§ **What the exercise asks**
Return, word for word, only the lines of the data below that lie between the line with "2020年新冠疫情爆发以来,我国出口逆势" and the line with "Cor do produto:Fio: transparenteCaixa", those two lines included.

§ **Data supplied**
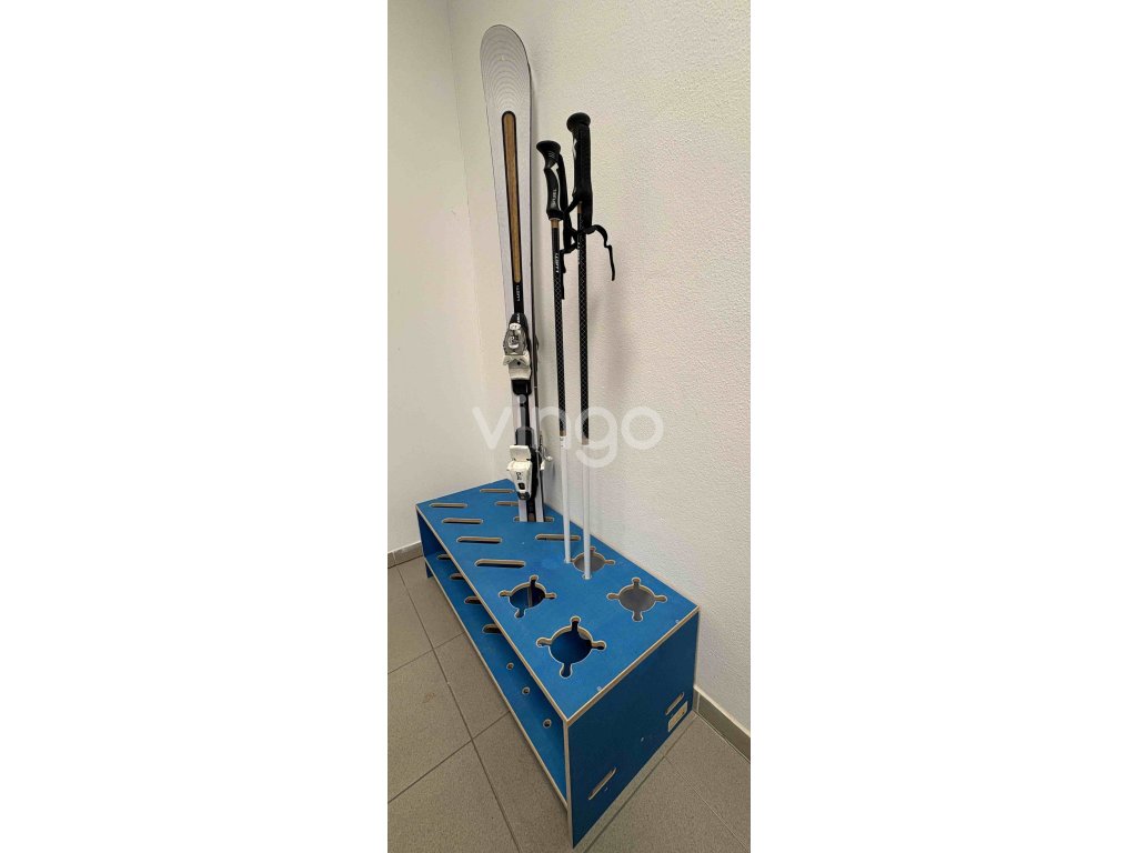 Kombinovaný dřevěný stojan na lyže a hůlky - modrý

==

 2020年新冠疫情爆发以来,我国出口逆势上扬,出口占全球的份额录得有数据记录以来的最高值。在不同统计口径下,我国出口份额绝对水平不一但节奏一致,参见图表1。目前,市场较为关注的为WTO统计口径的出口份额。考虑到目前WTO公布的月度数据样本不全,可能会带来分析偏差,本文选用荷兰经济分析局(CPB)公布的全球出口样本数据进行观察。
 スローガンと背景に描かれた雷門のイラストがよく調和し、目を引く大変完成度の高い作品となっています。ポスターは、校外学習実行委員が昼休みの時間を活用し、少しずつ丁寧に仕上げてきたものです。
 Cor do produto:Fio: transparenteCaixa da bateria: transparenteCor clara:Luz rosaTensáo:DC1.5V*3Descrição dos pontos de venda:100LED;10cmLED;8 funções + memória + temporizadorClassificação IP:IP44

§ **Exercise result**
 2020年新冠疫情爆发以来,我国出口逆势上扬,出口占全球的份额录得有数据记录以来的最高值。在不同统计口径下,我国出口份额绝对水平不一但节奏一致,参见图表1。目前,市场较为关注的为WTO统计口径的出口份额。考虑到目前WTO公布的月度数据样本不全,可能会带来分析偏差,本文选用荷兰经济分析局(CPB)公布的全球出口样本数据进行观察。
 スローガンと背景に描かれた雷門のイラストがよく調和し、目を引く大変完成度の高い作品となっています。ポスターは、校外学習実行委員が昼休みの時間を活用し、少しずつ丁寧に仕上げてきたものです。
 Cor do produto:Fio: transparenteCaixa da bateria: transparenteCor clara:Luz rosaTensáo:DC1.5V*3Descrição dos pontos de venda:100LED;10cmLED;8 funções + memória + temporizadorClassificação IP:IP44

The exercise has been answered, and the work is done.